Supplied information →
◇ ◇ ◇ ◇
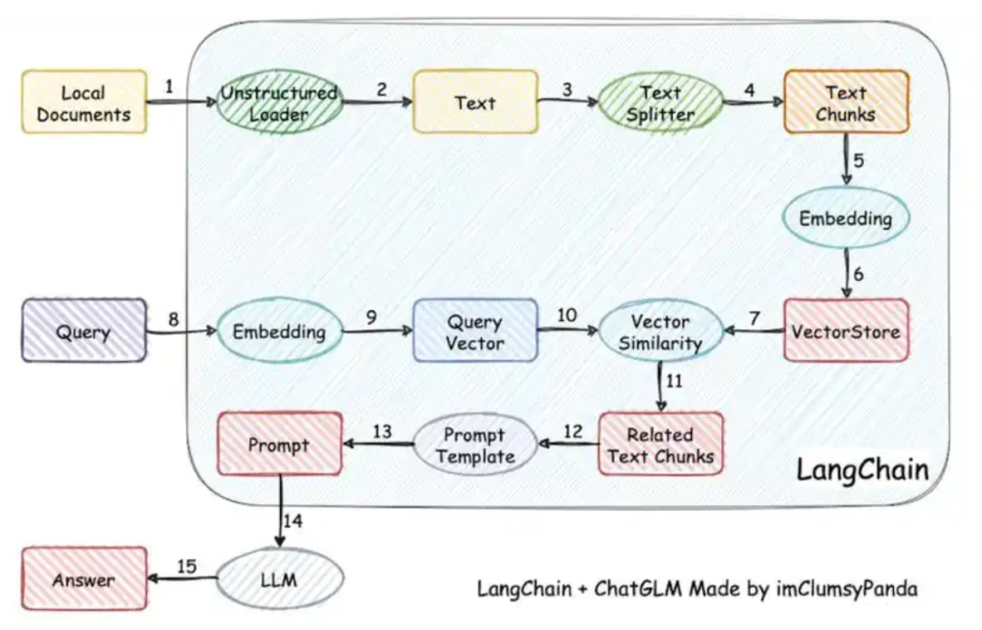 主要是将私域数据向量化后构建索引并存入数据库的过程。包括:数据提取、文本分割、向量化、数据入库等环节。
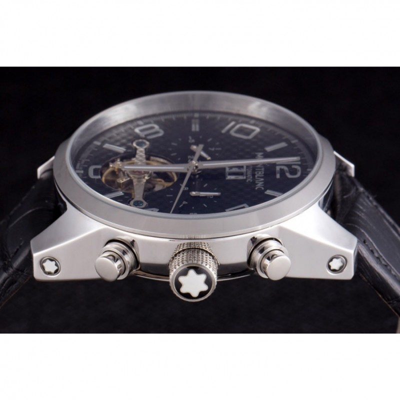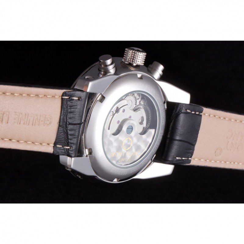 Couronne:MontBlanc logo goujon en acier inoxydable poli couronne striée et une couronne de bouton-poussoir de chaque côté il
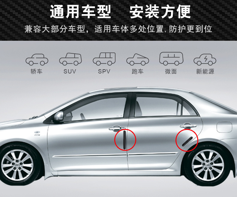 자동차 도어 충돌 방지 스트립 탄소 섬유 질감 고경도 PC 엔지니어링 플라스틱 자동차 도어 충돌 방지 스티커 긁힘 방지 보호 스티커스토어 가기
◇ ◇ ◇ ◇
Work required →
Give back the listing unchanged. Strip out the pictures.

Your solution →
 主要是将私域数据向量化后构建索引并存入数据库的过程。包括:数据提取、文本分割、向量化、数据入库等环节。
 Couronne:MontBlanc logo goujon en acier inoxydable poli couronne striée et une couronne de bouton-poussoir de chaque côté il
 자동차 도어 충돌 방지 스트립 탄소 섬유 질감 고경도 PC 엔지니어링 플라스틱 자동차 도어 충돌 방지 스티커 긁힘 방지 보호 스티커스토어 가기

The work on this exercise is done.